Алу'Вер кивнул, несколько сконфуженный таким к нему обращением, и протянул руку с прямо-таки крохотным по человеческим меркам каменным ножичком.
– - Благодарю.
– - Вооружившись, рыжеволосый заковылял вдогонку дерущимся феа и вартарцу, которые, судя по топоту и песку, сыпавшемуся с потолка, были почти над ними, ярусом выше.
"Вот
– - Хорошо хоть жив ещё. Ну что ж -- онталар, да ещё и къяльсо. Не так уж и плохо. Здоровый такой, высокий и зелёный. Ничего, переживу. Всяко лучше, чем в зверя вселиться". А ведь недавно, в противовес горбуну, сущность Алу'Вера всерьёз рассматривала и эту возможность.
Первая попытка проникнуть в чужое тело, прижиться и не быть отторгнутым, стоила Алу'Веру неимоверного напряжения. Вторая должна была лишить его остатка Силы, возместить которую ему удастся ой как не скоро, а потому ошибки с выбором быть не должно. "Онталар так онталар", -- обречённо вздохнул Алу'Вер и возложил маленькие корредские ладошки на грудь бездыханного къяльсо. Он мысленно зацепился за роскошно толстую изумрудную нить не отлетевшей ещё души и намертво слил её со своим сознанием, по-хозяйски оттесняя в сторонку его прежнюю сущность.
Острые иглы пронзили тщедушное тельце ненужного больше корреда, и оно безвольно рухнуло на пол...

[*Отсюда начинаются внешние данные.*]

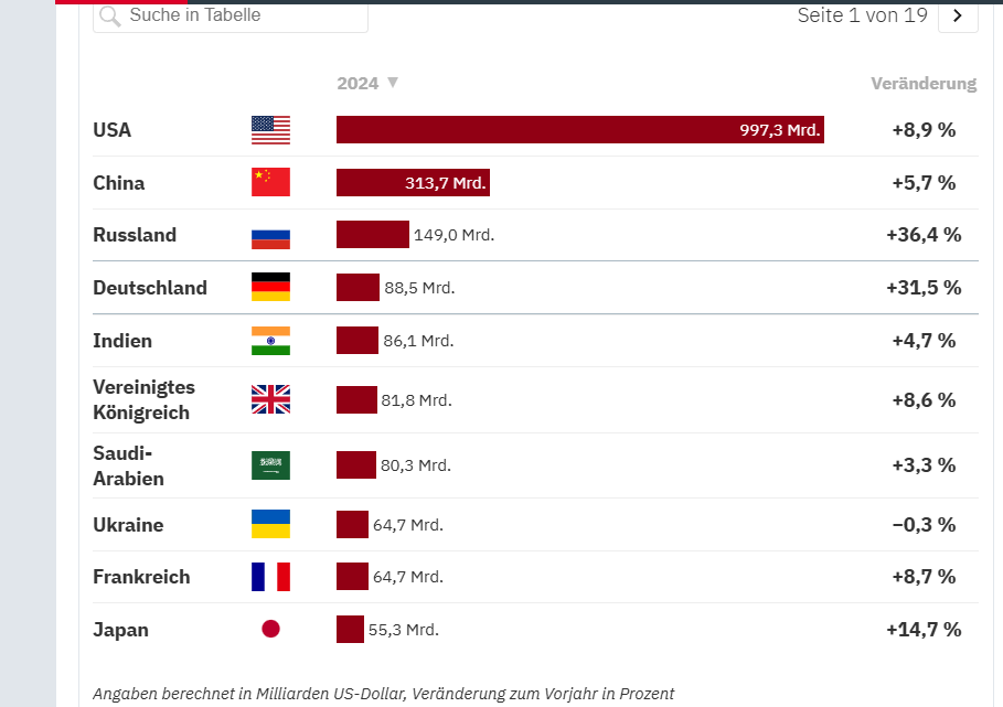 Az ukrajnai és gázai háborúk súlyos következményekkel járnak: a katonai kiadások olyan mértékben növekednek, amilyenre a hidegháború vége óta nem volt példa. Németország először került a világon a negyedik helyre az Egyesült Államok, Kína és Oroszország után. A világ katonai kiadásai 2024-ben már tíz egymást követő évben nőttek. Különösen Európában és a Közel-Keleten volt erőteljes az emelkedés, amit az ukrajnai és a Gázai övezeti háborúk, valamint az Izrael és a libanoni Hezbollah közötti konfliktus magyarázhat.

...Когда он пришёл в сознание, то обнаружил себя лежавшим на полу. Долгое время бывший цоррбом Красная Рука, позже корредом, теперь вот онталаром Вейзо, Алу'Вер попытался пошевелиться и приподнять веки. Свет немилостиво резанул по единственному глазу, кожа на щеке и ладонях почувствовала холод и шагрень камня, лёгкие наполнились воздухом. И тут Сила, как, впрочем, он и предполагал, закончилась...
Вейзо поднялся на ноги. Он остался один и жаждал мести, ему было всё равно, жив он на самом деле или уже мёртв. Какая собственно разница. Он чувствовал себя живым, а большего ему и не надо было. Он был тем же, кем и месяц назад -- Вейзо Ктырём, а что до лишнего голоса в голове, так он, вернее они, и так появлялись раз от раза, особенно после третьей кружки буссы с табачной присыпкой.
***
Они выбежали во двор. Крэч напирал. Лесоруб пятился, виляя и отмахиваясь быстрыми перекрёстными ударами.
Ослепительно блеснуло, и в тот же момент прозвучал оглушительный раскат грома, сверкнувшая над их головами молния расколола небо надвое. Ночь на миг сделалась днём. Земля под ногами вздрогнула, и тяжёлые капли дождя, вперемешку с градом ударили в лица дерущихся. Сразу за первым раздался второй удар грома. И третий.
Лесоруб кинулся на Крэча. Они рухнули в лужу и, сцепившись, покатились по склону, ломая кусты, натыкаясь на молодые деревца и сломанные сучья. После очередного кувырка, когда объятия их расцепились, Крэчу удалось вскочить на ноги, но сила инерции вновь закрутила его, и он, сделав полтора невероятно широких скачка, кубарем полетел вниз с ещё большей скоростью.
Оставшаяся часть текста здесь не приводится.